If you're interested, I recently upgraded to full frame, and am selling off most of my EF-S (& similar) lenses, as well as a couple cheap 'full frame' lenses as well.  Including a couple telephotos.  Check the Buy & Sell section.


----------



## jbags (Nov 21, 2011)

What advantages would the 40d have over the 50d. Here in Calgary, there is only a small difference between the two. (around $100). For updated pricing, the 60d is $975, the 50d is about the same, the 7d is 1375 and the 40d is around $500


----------



## Big Mike (Nov 22, 2011)

I think that the 'advantage' of the 40D over the 50D, besides price, is that is has less mega pixels.  That goes against typical thinking....but the idea is that on an APS-C sized sensor, 15 mega pixels is getting to be too much.  Many photographers have said that the idea number for these sensors is 8-10 MP.  The 20D came out in 2004 with 8.2 MP....which was a high number at that time....but that camera was probably one of (if not thee) best mid-level DSLR for a long time.  The 30D was basically a 20D with only minor upgrades.  The 40D was a significant upgrade 2007, getting much faster, a much bigger screen, new processor and adding two MP, up to 10.  
The 50D seemed to come out pretty quickly after the 40D, with a big jump in MP, up to 15.  I believe it had a newer processor as well.  The comment that I seemed to hear most, was that the image quality wasn't improved from the 40D, even though it had the next generation of processor/sensor.  But considering that it added 50% more MP...keeping the same image quality could be considered an advancement.  

So, like I mentioned earlier, if the difference between a 40D and a 50D is $200, then I'd go with the 40D.  But if the price difference is less than $100, I'd probably go with the 50D.  I think that a 40D for $400 would be a good deal...I think $500 is too much, unless it's in mint condition and maybe comes with a lens etc.
A *new* 60D for $800 would be really tempting, but for $975, it's a much harder choice.


----------



## jbags (Nov 24, 2011)

So I'm buying a canon 50d that I found in town for $500 with only 2500 actuations (haven't picked it up yet!). Any suggestions for telephoto/zoom lenses since I have saved some $$?


----------



## Big Mike (Nov 25, 2011)

What type of shooting will you be doing with a telephoto lens?  (sports, wildlife?)  
What is your budget for it?


----------



## jaomul (Nov 25, 2011)

Just to add, the screen on the back of the 50d is nicer and it does have micro adjust for lenses (a feature I never have and hope to never use).

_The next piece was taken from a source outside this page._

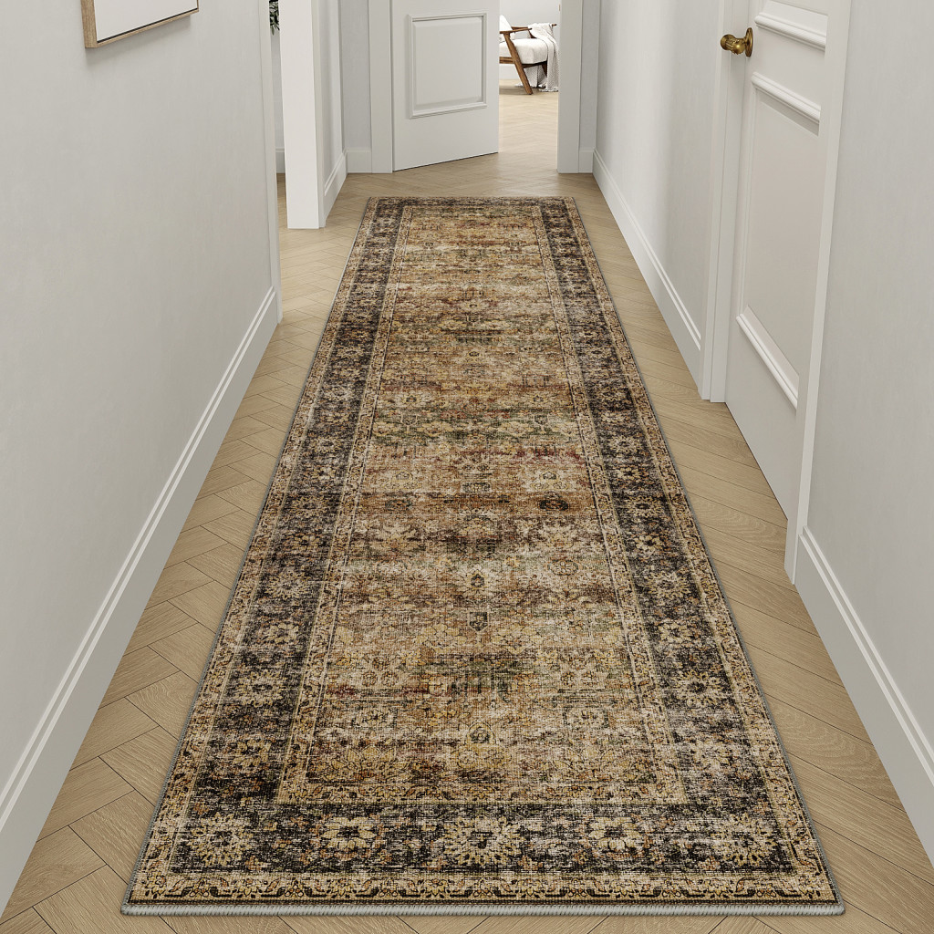 Vintage brown floral design washable area rug, Washable area rug, Vintage washable area rug |

There is some say that the image quality on the 40D is better and it fares better with noise, but I am sure that these differences are small so I think the newer model is the way to go. As for telephoto lenses I have the EF-S 55-250mm and its cheap, but is very good in daylight but may be a bit slow in tricky situations. I think your getting a good camera for the money and usage it has, thats almost new


----------



## jbags (Nov 25, 2011)

I will be using a longer lens for sports photography as well as wildlife. (not too much on the indoor side.I am thinking about the EF- 70-200mm f4L but am worried about it not having IS as I will be shooting off tripod frequently.Should i go for it or save up for one with IS?


----------



## Big Mike (Nov 25, 2011)

If you are going to be shooting sports, then I'd suggest saving up for the F2.8 version, rather than the IS version of the F4. (about $100 more, according to B&H).
IS is certainly a great feature, but it won't do anything to help you freeze the motion of a moving subject.  It only helps to prevent blur from camera shake.  

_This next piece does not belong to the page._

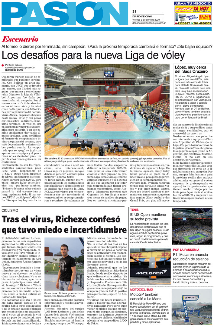 Diario de Cuyo | HOME | Noticias Tapa Pasión 03 de Abril del 2020 Por Redacción Diario de Cuyo 02/04/2020 · 0:00 Escuchar la noticia Escuchar la noticia Your browser doesn’t support HTML5 audio Ver los comentarios ›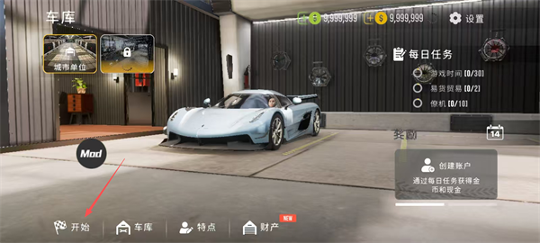 2、买好车后,点击‘开始’键,从列表里选游戏模式。

For pure quality for the price, the F4 (no IS) is hard to beat at around $700.  It seems absurd that the IS version is $1200.  Hard choice.

You might also consider Sigma or Tamron.  Tamron has a 70-200mm F2.8 for about $700 and Sigma has one with F2.8 and OS (their version of IS) for $1400.  (B&H).

A great wildlife lens that has great image quality, is the 100-400mm F4.5-5.6 L IS.  It's expensive at $1600, and it's an old(ish) push-pull type zoom....but the quality is excellent.  Not so great for sports as the max aperture is only F4.5-5.6.

There are plenty of lenses in the 70-300mm range.  Canon has a couple that start at less than $200, plus similar options from Sigma & Tamron.  These ones aren't great, but there are versions with IS, OS & VC.   Besides being better because of the stabilization, they seem to have better overall quality.  They do cost more, of course.  
I think it's probably fair to say that generally, the 70-200mm lenses are far and away better than the 70-300mm lenses.


----------



## jbags (Nov 25, 2011)

Ok, I know that this does not relate to my first post, but what is the function above "ON" on the power switch on the canon 50D for? I looked in the manual, but it did not help me out much. Does anyone know what it does?Thanks


----------